Sector Bird’s Eye View: Auto

 

What is it?

The auto, automotive, or car industry is involved in the design, development, manufacturing, marketing and selling of motor vehicles from cars to trucks and motorbikes. It also extends into the parts market, which comprises of companies involved in the production and sale of new, replacement, and aftermarket parts for vehicles. 

Why is it important?

The auto industry is a major driver of many nations’ economies, especially in the developed world. As the population expands, the demand for transport increases with it, giving a never-ending supply of consumers to the auto industry. Europe, in particular, is the world’s auto manufacturing hub, producing 23% of the world’s cars in 2018 alone. The auto industry is also highly labor-intensive which aids national employment levels, and in turn, boosts GDP.

Popular Participants

  • Auto makers: Volkswagen, Ford, GM, Tesla
  • Parts makers: Advance Auto-parts, Genuine Parts, AutoZone

Popular ETFs

  • S&P 500 Automobiles
  • First Trust Nasdaq Global Auto Index

When does it do well/badly?

The auto industry is highly cyclical and vulnerable to changes in the business cycle and interest rates. Recessionary conditions and higher interest rates cripple consumers’ disposable income, making purchasing vehicles harder. However, lower interest rates and expansionary conditions drive strong consumption in the auto market. The globalized nature of the auto industry also makes it vulnerable to changes in trade relations and geopolitical risk.
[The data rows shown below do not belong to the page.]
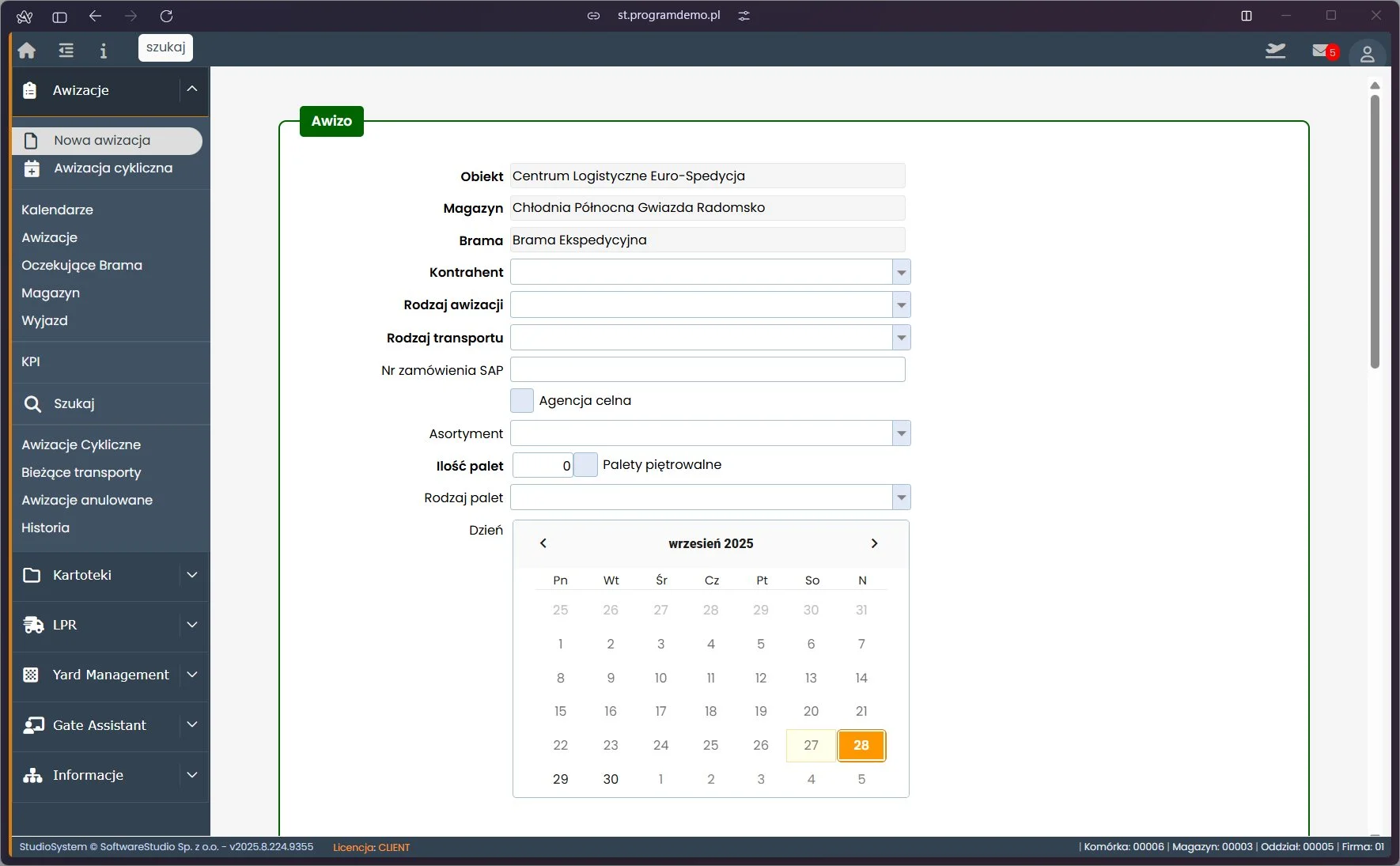 Awizacja dostaw to proces wcześniejszego zgłaszania i rejestrowania planowanych transportów do magazynu lub zakładu produkcyjnego, obejmujący wskazanie terminu, rodzaju ładunku, danych pojazdu i kierowcy. Dzięki awizacji pracownicy magazynu mogą przygotować się do przyjęcia towaru z wyprzedzeniem, przydzielić odpowiednią rampę i zaplanować zasoby ludzkie. W nowoczesnych systemach klasy YMS, takich jak Studio VSS.net, awizacja odbywa się online przez przeglądarkę internetową, a obowiązek jej tworzenia może być delegowany bezpośrednio do przewoźnika lub kontrahenta. Zautomatyzowana awizacja eliminuje zatory przy bramach wjazdowych i redukuje przestoje w całym łańcuchu dostaw.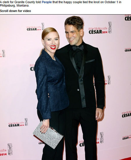 1일(현지시간) 미국 '피플' 등 주요 외신들은 "스칼렛 요한슨이 지난 10월 1일 미국 몬타나 주 필립스버그에서 로메인 도리악과 결혼식을 올렸다"고 보도했다.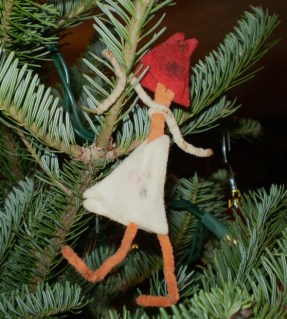 Hidden away at the very back of my Christmas tree, hangs a little elf, his pipe cleaner hand clinging to a tree branch. He is a scruffy fellow made of pipe cleaners and felt and he is not in tip-top condition poor guy. You see, I made him myself 48 years ago in kindergarten! I know…why on earth has this guy not been thrown out? My mother admired my work of art years ago and faithfully displayed him each year. When I married, I brought him with me and he has graced each Christmas tree in our home since. He has become a family joke of sorts, but the tree would not be the same without him. ☺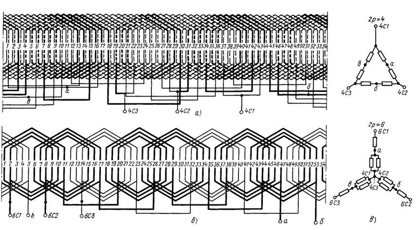 Рис. 4.19. Полюснопереключаемая обмотка по схеме Харитонова, z = 54, 2р = 6/4: а — основная обмотка; б — дополнительная обмотка; в — соединение основной и дополнительной обмоток на 1р = 4 и 6

Higher levels of risk can impact export levels and cause automakers to suffer as a result.

Why should I invest? 

Most successful portfolios have an automobile component, as the industry is always changing and new opportunities are plenty. Automobiles are also a useful way to gain exposure to a foreign nation’s growth if you invest in an overseas company. Staying on trend with the latest ranges from the popular car brands can generate strong returns for an investor with an eye for what will sell. These larger auto companies also often have attractive dividend schemes that add a useful cash component to a portfolio.